Zhu Feng, a professor of
international relations at Peking University, says that the “alarm bells
started ringing” for the Chinese over Myanmar with the abrupt suspension of the
Myitsone dam project just over a year ago. Costing $3.6 billion, this was the
largest of several dams that Chinese state-owned enterprises (SOEs) were
building on the Irrawaddy river in Kachin state. The Chinese had assumed that
such development work would be welcomed by the Burmese. To many Burmese,
however, Myitsone came to represent everything that they hate about the unequal
terms of trade between resource-rich Myanmar and its resource-hungry neighbour.
Villages were to be displaced and land flooded to make way for the dam, yet
most of the electricity was earmarked to go to China, leaving the local Kachin
people little better off than before.
Thus when the new Burmese president,
Thein Sein, suspended construction of the dam, at one stroke he asserted his
credentials in Myanmar as a man prepared to listen to his own people and stand
up to the exploitative Chinese. It was an astute domestic political move and a
milestone in the country’s unfolding reform programme. Scholars and officials
in China, however, still talk of their “shock” and “surprise” at a decision for
which they were utterly unprepared and which they are still trying to digest.
In retrospect, explains Mr Zhu, the
Chinese mistake in Myanmar was to focus only on building relationships with
government officials, without paying any attention to “domestic political
nuances”. Thus China missed the vital shifts in policies, words and political
thinking that they might have picked up had they listened to voices other than
the government’s and engaged the country at a local level. This was stupid,
says Mr Zhu: “It’s a big lesson, and we have to learn from it.”

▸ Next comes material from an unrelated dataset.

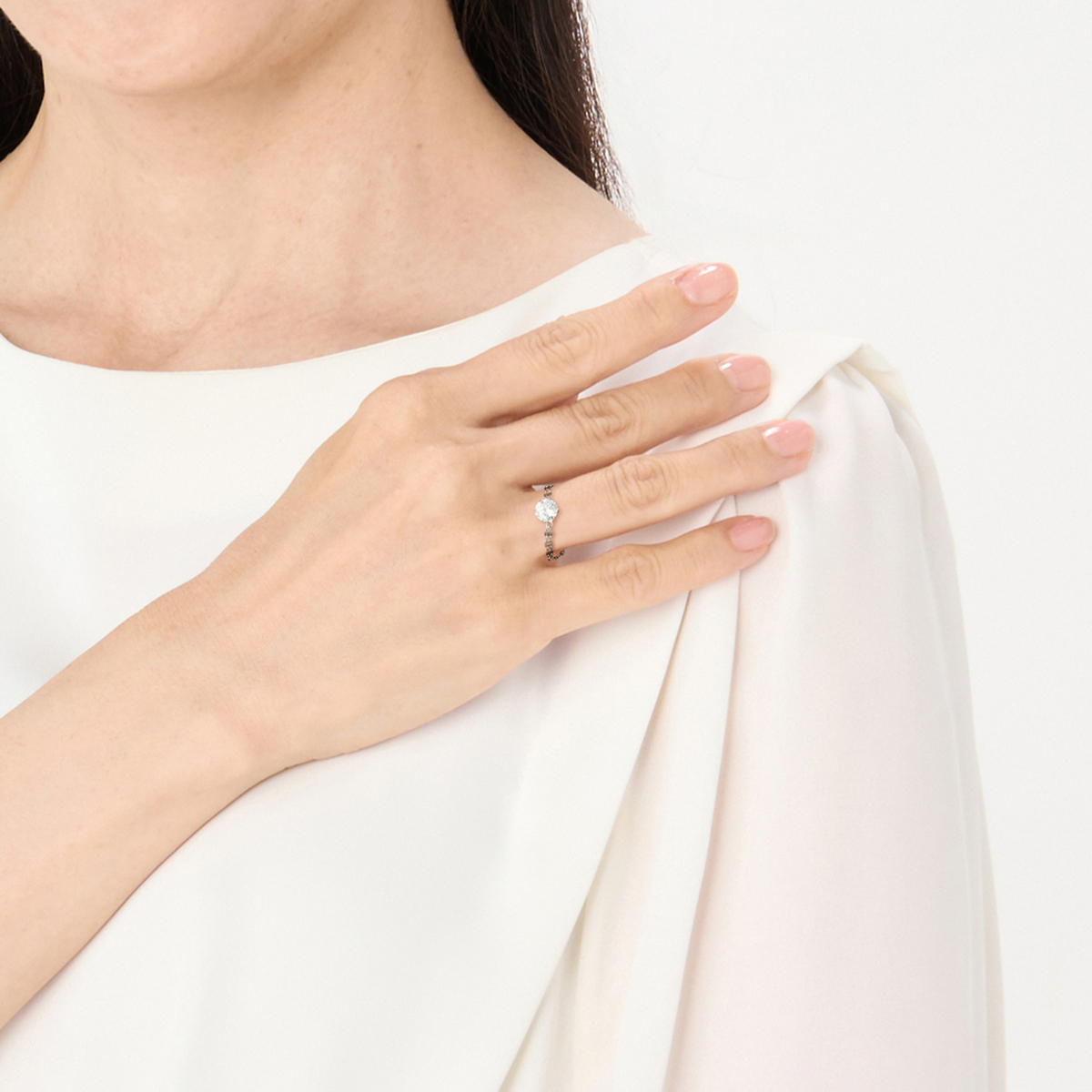 0.50ctUPの合成モアッサナイトがきらめくチェーンリングです。正面の2連のペタルチェーンがデザインに華やぎを加え、裏側はスライド式アジャスター付きでサイズ調節ができます

This lack of political antennae on
the ground is, perhaps, inevitable given the standard Chinese policy of
“non-interference” in other countries’ internal affairs. Too often, it seems,
this merely encourages wilful ignorance—which is, indeed, much in evidence in
Ruili. The local Chinese know almost nothing about Myanmar, other than the fact
that it is poor and, they believe, dangerous.
Be nicer
As one Chinese expert on the
country’s aid policy, Zhang Xiaomin of Beijing Foreign Studies University,
points out, China has already run into some of these issues in Africa. But
their experience in Myanmar has really crystallised the problem, he says. As a
result, the Chinese government is now telling businesses—especially
SOEs—operating overseas to be more respectful of local customs and people, and
to invest more in what Westerners would call corporate social responsibility.
Thus, for instance, the China National Petroleum Corporation, which is building
a controversial oil pipeline across Myanmar from the west coast to the border
at Ruili (and then on into China), is now building lots of schools in villages
near the pipeline.
The Chinese are largely right in
this analysis of what went wrong in Myanmar, but it is not the whole story. The
Burmese also complained that for all the roads and bridges constructed, the
Chinese were unable, or unwilling, to provide other, more sophisticated,
services such as banking or advice on issues such as government administration,
the sort of soft-power issues at which Western countries excel.
Indeed, for many Chinese
foreign-policy experts the other worrying aspect of China’s stumble in Myanmar
is that Beijing’s loss has been Washington’s gain. In an era of renewed tension
between America and China in the region, Myanmar’s recent opening up is thus
usually interpreted by these experts as a tilt towards the West, all part of
America’s “pivot” towards Asia. Indeed, the more conspiratorial-minded Chinese
ascribe the changes in Myanmar entirely to the machinations of a resurgent
America determined to contain the rise of China. A further concern, as another
Chinese expert puts it, is that a democratic movement in Myanmar would, in some
way, “influence the situation in China”.
All in all, the democratic
transformation of Myanmar has been a searing experience for the Chinese
government. At least, however, they look set to draw some lessons from it all.